За те несколько недель, что минули по возвращении Арса в наше логово, с ним случилась разительная внутренняя перемена, наложившая отпечаток на все вокруг него. Арс вдруг осознал нечто страшное, и это осознание лишило его покоя во время бодрствования в мире людей – в то самое время, когда я погружалась в сон, наполненный этими самыми тревогами. В нем ломалась перегородка, рушилась крепость, бывшая постоянным пристанищем его разума, крепость, казавшая ему и мне нерушимой. Я видела все, что с ним происходило, все его метания, похожие на невыносимый плен маленького искусственного человечка в пробирке алхимика, человечка, к которому пришло понимание своей искусственности. Он хотел кричать, но не мог, ибо лишен рта и голоса. Есть Мастер и есть гомункул, безропотно выполняющий волю Мастера, привязанный к Мастеру и не могущий творить. Созданный Богом, человек осенен Его дыханием – это его душа, трансцендентальная составляющая. Гомункул создан человеком, и лишен Я, своего духа, воли, своего – голоса. Маг волит, и материя трансформируется. Гомункул не способен волить. Любой человек, не пробужденный к истинной жизни, духовной жизни, является всего лишь гомункулом в огромной алхимической лаборатории, заперт в своей колбе и видит мир сквозь плотную стену стекла из своих иллюзорных представлений, не имея возможности и не испытывая желания прикоснуться к сути вещей. Это и понял Арс. Осмысление того, что я могу нечто, чего не может он, понимаю нечто, что недоступно ему и вижу иначе, нежели он, сводило его с ума. Нет, не зависть вихрила его раненое сознание над бездной хаоса и мрака, но лишь ощущение своей немощи и потерянности. Все это время я была далеко позади него, и в какой-то миг, который он упустил, я оказалась далеко впереди, в недосягаемости, а Арс остался в неизвестном ему, новом, чуждом и пугающем одиночестве…   

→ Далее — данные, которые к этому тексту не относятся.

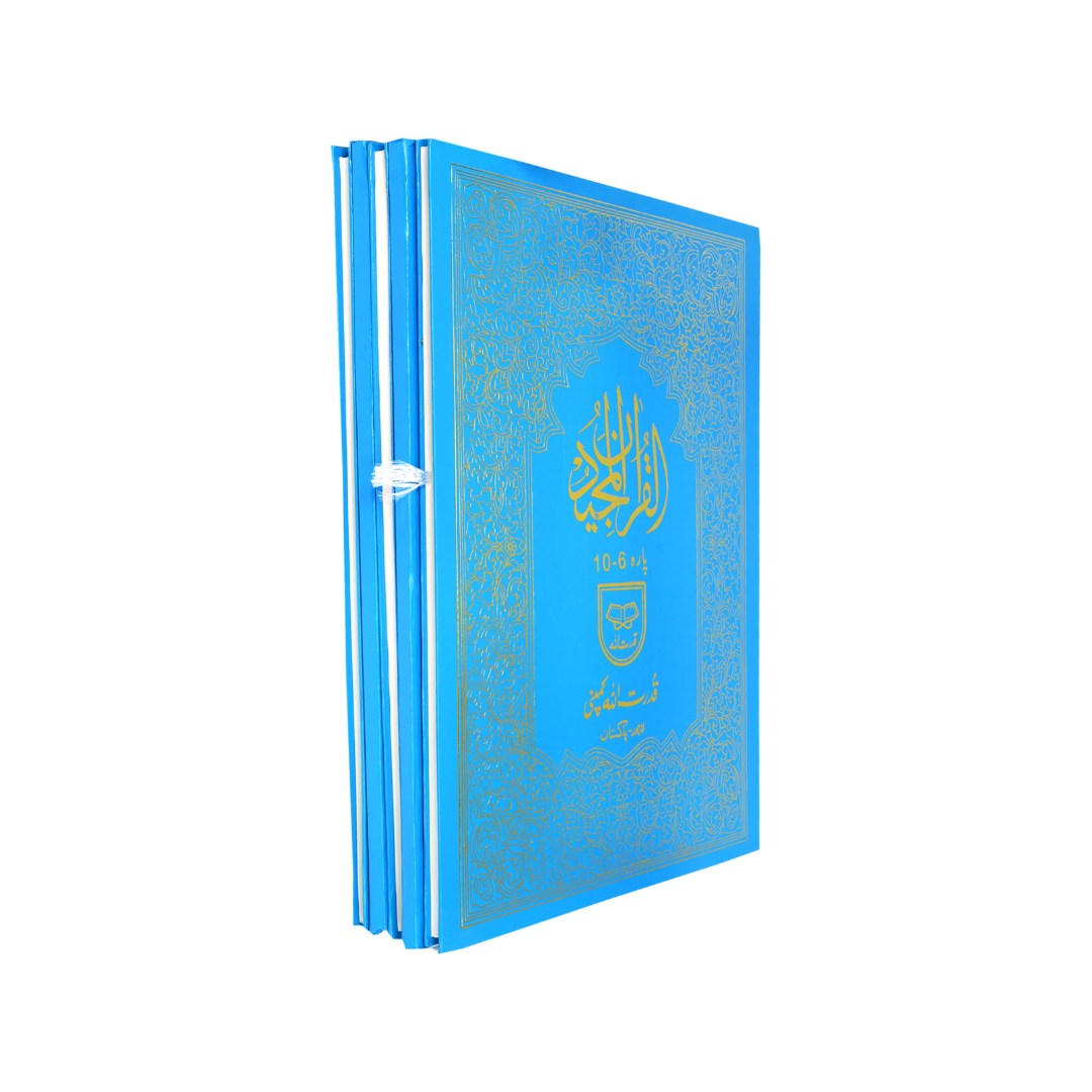 The Punj Para Set (6 Volumes) by Qudratullah Company is a beautifully designed Quran set that offers clarity, comfort, and durability for readers of all ages. Featuring a bold 11-line Arabic script, it ensures effortless recitation and accurate pronunciation, making it ideal for students, teachers, and daily readers. Printed on premium Quran paper, the text appears sharp and smooth, providing a luxurious reading experience that honors the sacred message of the Holy Quran.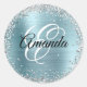 Sparkly Silver Glitter Pale Blue Foil Monogram Classic Round Sticker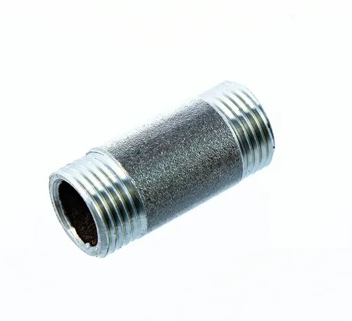 Отрезок стальной трубы с наружной резьбой с двух сторон для соединения двух резьбовых элементов.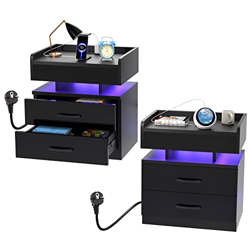Lot de 2 Tables de Chevet LED Réglables, Table de Chevet ave...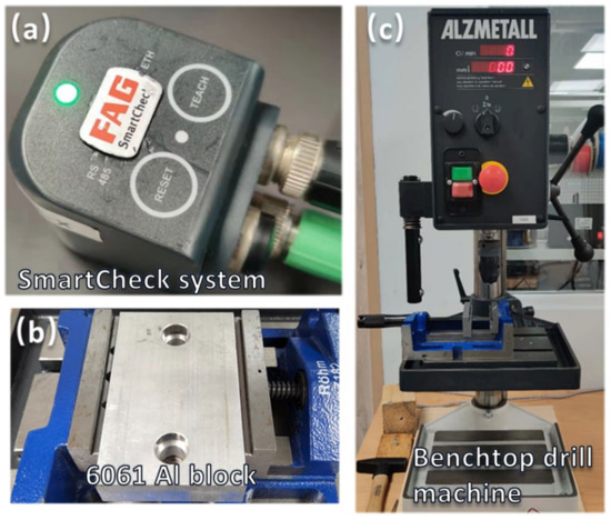 (a) An image of the SmartCheck system, (b) an image of the aluminum block, and (c) an image of the drill machine used in the experiment.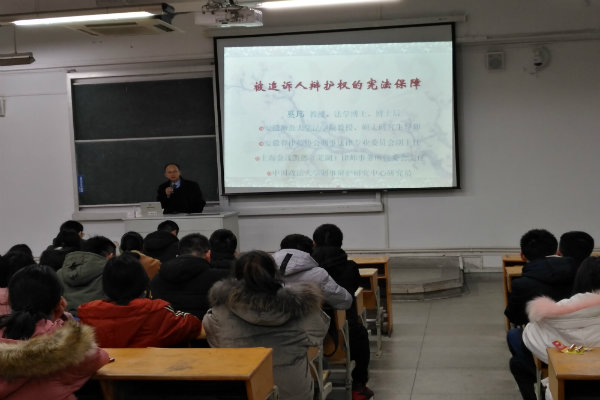 2018年12月8日晚6:30,应RayBetApp官网下载 科技处、人文学院邀请,安徽师范大学法学院教授奚玮在2教206作题为《被追诉人辩护权的宪法保障》的报告。报告会由法学系主任杜蓓蕾副教授主持,鲍雨博士及法学16级、17级,法学辅修专业16级全体同学参加了报告会。

Однажды ночью, когда я читала при свете свечей, Арс вошел в залу: его глаза тлели, как угли в темноте. Измученный тяжелыми мыслями, он позабыл свое тело, оно исхудало. Он приткнулся ко мне в поиске тепла, но вдруг, вспомнив, отпрянул от моей прохладной плоти. Он молчал, но немота была красноречивее слов. И я не знала, что ответить ему. Моя рука беспомощно повисла в пустоте, так и коснувшись его – он резко шагнул в черный угол комнаты, скрывшись от моих глаз, но нет от глаз моей души. Как будто так он мог обмануть меня. Какое отчаянное заблуждение… Все его существо сжалось и трепетало. Мне показалось, он хочет бежать, и ноги готовы уже сорваться с места и нести прочь эту источенную болезнью плоть, в которой еле теплилась нормальная человеческая жизнь. Но что-то держало его тут, на расстоянии моей вытянутой руки. Какое-то сильное, непреодолимое глубинное чувство, против которого восставал, будто собравшись в последний раз до кучи, его помутненный разум. Его сухие губы дрожали, сдерживая гневный выкрик. Наконец, он нервно шагнул ко мне, вынырнул из тьмы и, вперив в меня свои глаза, полные жутью одержимости, прохрипел: «Отпусти меня».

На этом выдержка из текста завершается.